20 junho, 2012

Como se fosse calar



Ensaio a valsa para o teu retorno 
Amor, essa febre que me queima os lábios
Noturno, o suor do corpo, a guerra, a ferida

Tudo faz sombra em minha face
À noite, o canto tem gosto de lágrimas 
Esse pão amargo e sem fermento

Antes, era o beijo frio que me amolava
Hoje, eu amolo a faca que usastes
No meu coração que virou pedra

O amor, como o fio que atravessa a carne
O amor, que deixastes em coma em cima da cama
O amor, que levou meu sorriso para o fundo do rio

O peito pesa
e afasta da superfície esse cálice
de vinho tinto de sangue.


23 maio, 2012

Entre ir e vir


Ele disse chora
como quem diz ao vento
vai

E eu fui embora
Roubar uns sentimentos
ai

Esse pedaço
de aço
quem vai esculpir

Meu coração
cimento
E Deus a dirigir

Eu disse: fique
longe. Não vou
desistir

E o dia
fez-se noite
Açoite

Deixa o mundo vir.

17 maio, 2012

Janela fechada



Do lado de dentro
O caos terapêutico

Do lado de fora
Nada demais

O sol há de brilhar
sem que eu precise abrir as persianas

15 maio, 2012

De viver como autômato



    Cada lugar uma história diferente
    Cada dor, dói em lugares
    que a gente nem lembra que sente

    É duro levantar, andar, fazer coisas
    Às vezes fica difícil até respirar
    e caminhamos afogados pelas ruas

    Ninguém conhece o amor
    e passa por ele impunemente
    A vida não prega peças
    pois o palco é permanente

    Cada lugar
    uma história diferente
    e  em cada história
    uma vida. Viva!

07 maio, 2012

Por todo chorar


Choro pelo que podia ter sido, e não foi.
Choro pelos dias frios e pelas noites escuras .
Choro porque minhas mãos estão cheias de fel,
Meu rosto cheio de rugas
E meu coração cheio de pedras.
Choro, pois meus bolsos estão vazios,
e meus olhos cheios de pó.
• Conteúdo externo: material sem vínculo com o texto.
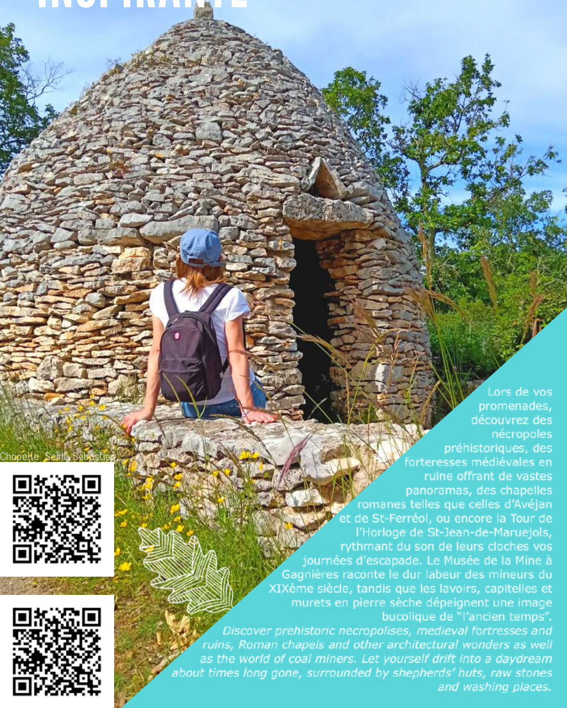
Chapelle Saint Sébastien
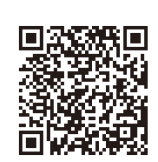
公式LINEはここから登録

現場で改善要望をヒアリングすることになった。と連絡がありました。11月に入り、なかなか仮設トイレ
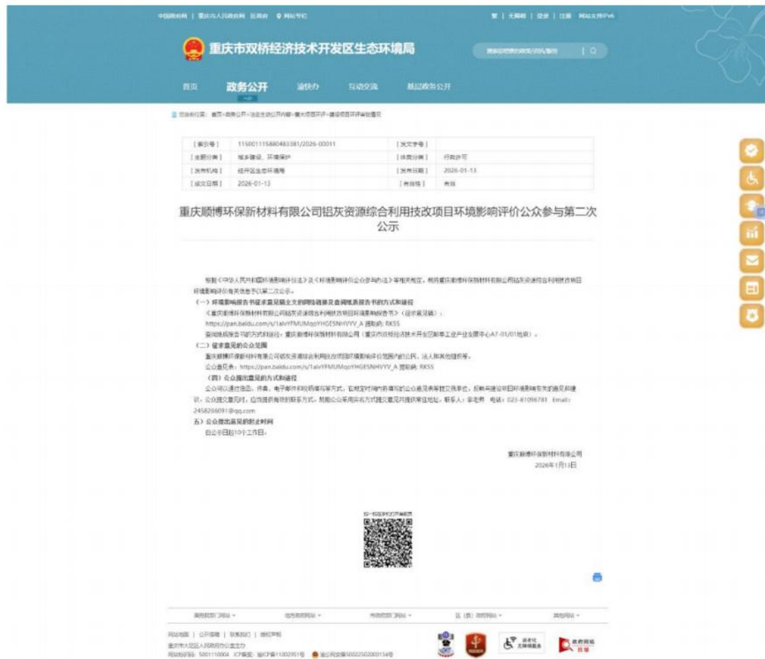
图2 征求意见稿网络公示截图

建设单位于2026年1月13日~2026年1月26日在重庆市双桥经济技术开发区生态环境局官方网站进行网络公示。
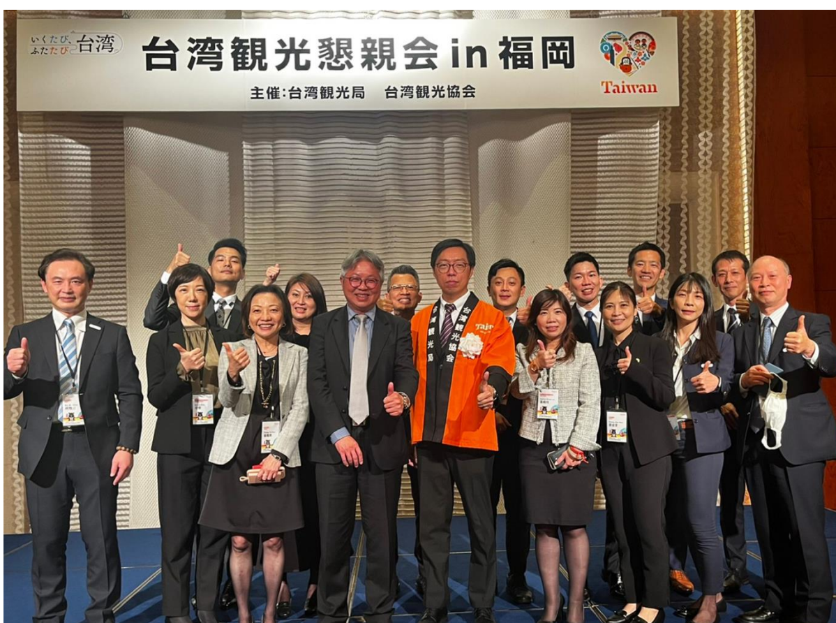
3月17日臺灣觀光懇親會臺灣代表團大合照
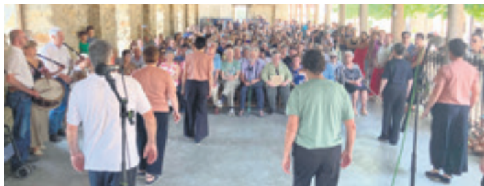
50 urte eskola euskalduntzen egon den lantaldea

OTXANDIO Euskaraz irakasten hasi zirela 50 urte bete izana ospatu zuten Otxandion, joan zen asteburuan. Inkernuz erein lelopean, ekintzen bateriko egitaraua osatu zuten. Egitarau horren barruan, omenaldia egin zieten ikastola sortzen lagundu zuten 50 pertsonari.
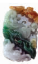
好光泽很强。自南华宝庆: 中水较欢喜如意挂件(出自南华)
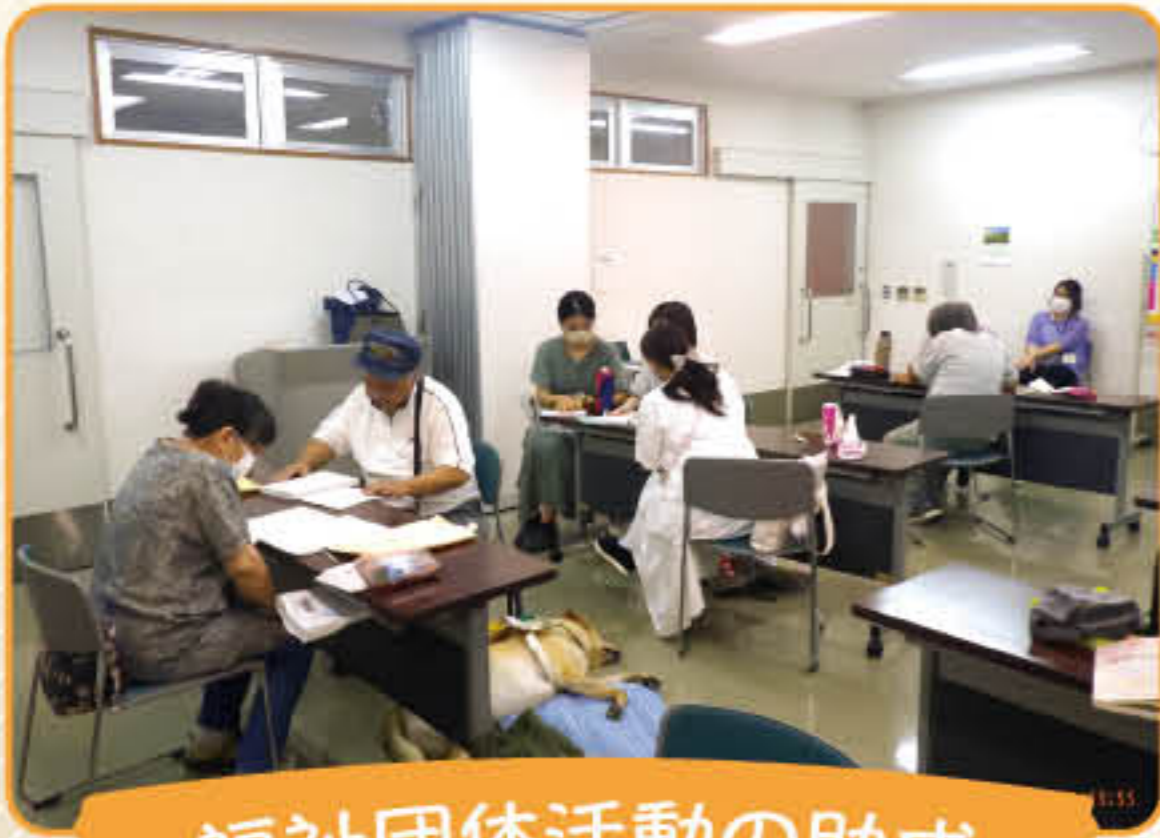
福祉団体活動の助成 佐野点訳サークルこぼと会 活動の様子

Choro.
E chorando hei de encontrar um caminho
E chorando hei de amar
Pois sou cheia de vida e de lágrimas,
E não me interessa viver uma vida sem dor.  

21 dezembro, 2011

A Janela de Jéssica



Andava inquieta.
Há algum tempo não tocava na comida
não olhava nos olhos
nem lembrava de Deus.

De vez em quando,
quando a calma vinha,
conseguia olhar o sol
através da janela.

Mas só de pensar
em voar novamente
as asas lhe doíam.

Tanto tempo na gaiola
que o que sobrou
foi só o pássaro.

Jéssica não estava mais.
Só a Janela ficou
Suspensa na parede...

25 novembro, 2011

Sorte



Tinha gosto
Tinha cheiro
Tinha um sonho bom, a palavra

Pousou no meu colo
Se aninhou
Feito ave, firme com as garras

Tinha a vida

Mas teu olhar
Teu olhar tinha tudo
E isso basta.

Nunca mais alçou vôo.

E diz-se até que, às vezes,
No escuro da noite,
Sozinho, escondido
Ele arranca algumas penas...

24 outubro, 2011

Mariposa



Minha versão de segunda talvez seja a mais nua -
Acho que vou me despindo no final de semana.
Das roupas, atiradas pela calçada
Resgato as peças que ainda me servem
E deixo os trapos pelo caminho
 
 
Ao olhar no espelho, reconheço as marcas da rua.
O cheiro do pó, a terra ainda molhada
Da chuva que não passa, aqui, dentro de mim...
Eu chovo, choro, me recomponho
E rego as flores para o próximo domingo.